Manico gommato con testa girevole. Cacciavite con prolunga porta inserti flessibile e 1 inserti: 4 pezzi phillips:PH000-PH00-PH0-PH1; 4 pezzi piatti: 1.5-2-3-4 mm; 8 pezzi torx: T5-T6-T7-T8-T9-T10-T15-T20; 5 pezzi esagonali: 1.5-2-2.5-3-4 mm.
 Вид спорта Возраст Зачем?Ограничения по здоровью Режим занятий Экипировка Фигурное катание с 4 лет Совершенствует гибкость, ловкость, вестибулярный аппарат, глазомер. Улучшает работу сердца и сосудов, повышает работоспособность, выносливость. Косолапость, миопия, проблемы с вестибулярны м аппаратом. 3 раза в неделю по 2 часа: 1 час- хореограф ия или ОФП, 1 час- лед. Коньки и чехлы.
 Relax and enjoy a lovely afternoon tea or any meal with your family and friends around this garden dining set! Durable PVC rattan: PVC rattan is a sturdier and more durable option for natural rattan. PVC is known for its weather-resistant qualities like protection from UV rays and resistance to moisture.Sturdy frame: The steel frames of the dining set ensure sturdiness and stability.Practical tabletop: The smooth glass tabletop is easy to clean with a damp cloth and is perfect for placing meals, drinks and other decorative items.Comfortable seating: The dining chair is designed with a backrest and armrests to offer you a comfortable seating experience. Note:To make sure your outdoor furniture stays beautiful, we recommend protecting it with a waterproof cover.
...
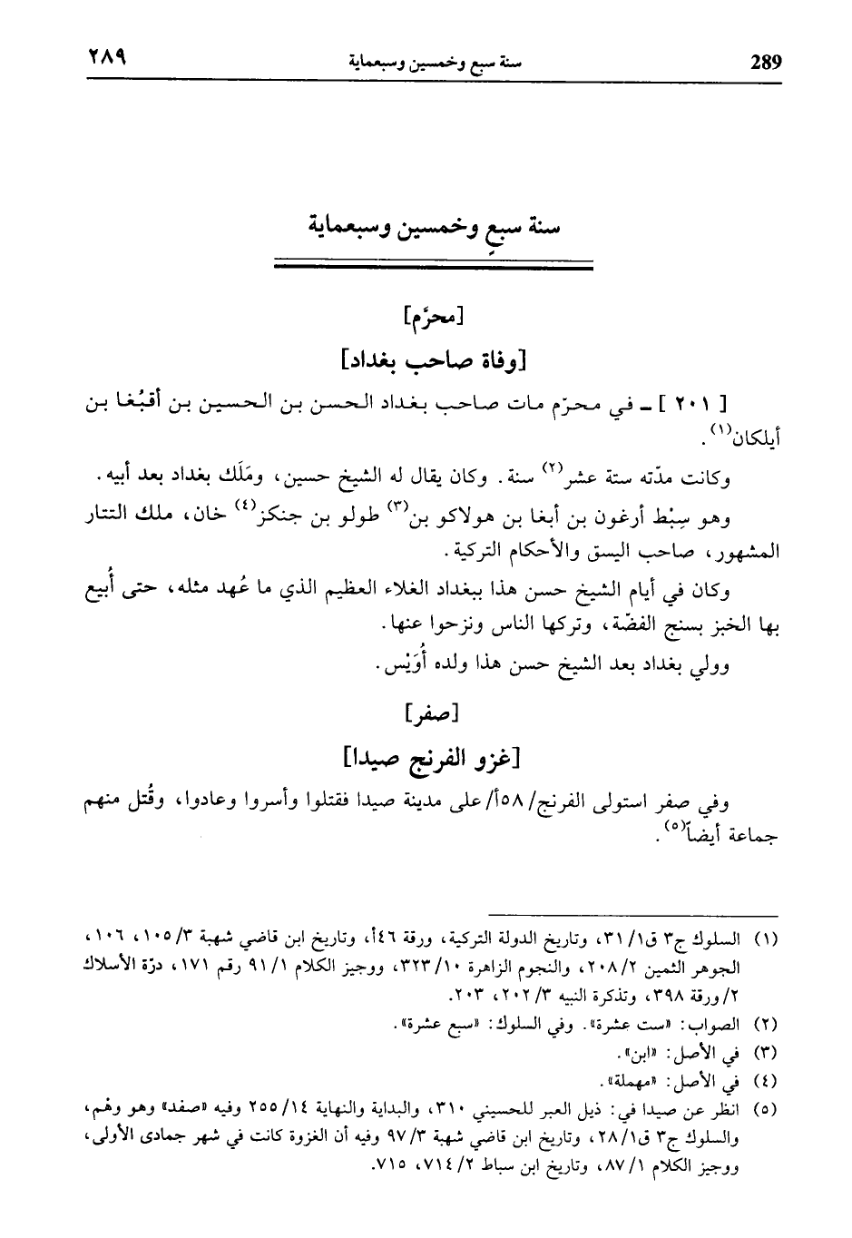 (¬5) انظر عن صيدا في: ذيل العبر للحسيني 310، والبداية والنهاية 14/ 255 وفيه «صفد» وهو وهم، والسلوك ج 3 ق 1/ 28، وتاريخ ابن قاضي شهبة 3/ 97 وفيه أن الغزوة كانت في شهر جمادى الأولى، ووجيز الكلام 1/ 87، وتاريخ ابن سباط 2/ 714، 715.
--
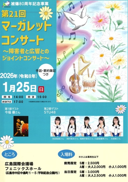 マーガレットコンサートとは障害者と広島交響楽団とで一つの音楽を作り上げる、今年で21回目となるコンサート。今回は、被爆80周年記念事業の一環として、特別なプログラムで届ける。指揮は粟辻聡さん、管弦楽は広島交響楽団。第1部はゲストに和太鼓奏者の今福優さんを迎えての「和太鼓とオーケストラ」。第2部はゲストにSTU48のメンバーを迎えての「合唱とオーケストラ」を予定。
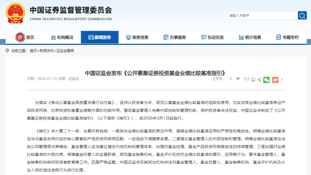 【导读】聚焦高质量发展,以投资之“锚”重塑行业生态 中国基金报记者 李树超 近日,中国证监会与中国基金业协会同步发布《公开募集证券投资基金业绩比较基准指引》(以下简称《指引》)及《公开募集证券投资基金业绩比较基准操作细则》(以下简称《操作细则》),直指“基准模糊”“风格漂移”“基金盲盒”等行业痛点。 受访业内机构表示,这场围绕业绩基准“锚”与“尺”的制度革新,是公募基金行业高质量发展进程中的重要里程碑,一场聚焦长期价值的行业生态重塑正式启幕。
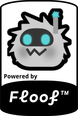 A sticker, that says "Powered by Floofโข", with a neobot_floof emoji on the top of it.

What you will do
Above are records; repeat only the lines starting at the line with "Manico gommato con" and ending at the line with "Relax and enjoy", exactly as they appear, both included.

Response for this exercise
Manico gommato con testa girevole. Cacciavite con prolunga porta inserti flessibile e 1 inserti: 4 pezzi phillips:PH000-PH00-PH0-PH1; 4 pezzi piatti: 1.5-2-3-4 mm; 8 pezzi torx: T5-T6-T7-T8-T9-T10-T15-T20; 5 pezzi esagonali: 1.5-2-2.5-3-4 mm.
 Вид спорта Возраст Зачем?Ограничения по здоровью Режим занятий Экипировка Фигурное катание с 4 лет Совершенствует гибкость, ловкость, вестибулярный аппарат, глазомер. Улучшает работу сердца и сосудов, повышает работоспособность, выносливость. Косолапость, миопия, проблемы с вестибулярны м аппаратом. 3 раза в неделю по 2 часа: 1 час- хореограф ия или ОФП, 1 час- лед. Коньки и чехлы.
 Relax and enjoy a lovely afternoon tea or any meal with your family and friends around this garden dining set! Durable PVC rattan: PVC rattan is a sturdier and more durable option for natural rattan. PVC is known for its weather-resistant qualities like protection from UV rays and resistance to moisture.Sturdy frame: The steel frames of the dining set ensure sturdiness and stability.Practical tabletop: The smooth glass tabletop is easy to clean with a damp cloth and is perfect for placing meals, drinks and other decorative items.Comfortable seating: The dining chair is designed with a backrest and armrests to offer you a comfortable seating experience. Note:To make sure your outdoor furniture stays beautiful, we recommend protecting it with a waterproof cover.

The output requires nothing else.